The branching unit adds a time difference to the at least two or more registers.
And supplying the clock to the semiconductor integrated circuit. 7. The method of designing a semiconductor integrated circuit according to claim 6, wherein said clock branching unit is an inverter or a buffer. 8. A connection information calculating step of calculating connection information between the random logic and a register, and a minimum path delay calculating a minimum path delay value of the random logic given based on a path delay analysis of the random logic. The method according to claim 6, further comprising a value calculating step, wherein a delay within a range that guarantees hold in the register by the delay element is given by the connection information and the minimum path delay value. Semiconductor integrated circuit design method. 9. A delay element that determines the value of the delay is a delay element of interest, and the clock branch sections sandwiching the delay element of interest are a first clock branch section and a second clock branch section, respectively. Wherein the register supplied with a clock by the first clock branching unit is a first register, the register supplied by a clock by the second clock branching unit is a second register,
And a connection information recognizing step of recognizing, as first random logic, the random logic that exchanges data between the second register and the second register; and calculating a delay value of the first clock branching unit.
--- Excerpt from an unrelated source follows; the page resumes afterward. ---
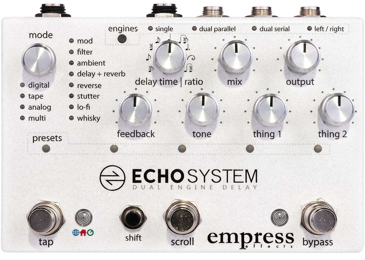 well as empress' own take on each of these delay styles. moving beyond the traditional, the vast amount of sonic ground the echosystem can cover becomes apparent. check out the ambient modes when you're

A first clock branching unit delay value calculating step of setting the calculated value to ΔB1, a second clock branching unit delay calculating the delay value of the second clock branching unit and setting the calculated value to ΔB2 A value calculation step, and a minimum path delay value calculation step of performing a path delay analysis of the first random logic and setting a minimum path delay value obtained as a result of the path delay analysis to ΔC2. The delay within the range that guarantees hold in the register is a value that satisfies ΔB1 + ΔC1> ΔA1 + ΔB2 when the delay value of the delay element of interest is ΔA1. Method for designing a semiconductor integrated circuit according to claim 6 or 7, characterized in. 10. The method of designing a semiconductor integrated circuit according to claim 6, wherein said register is constituted by at least one or more flip-flops.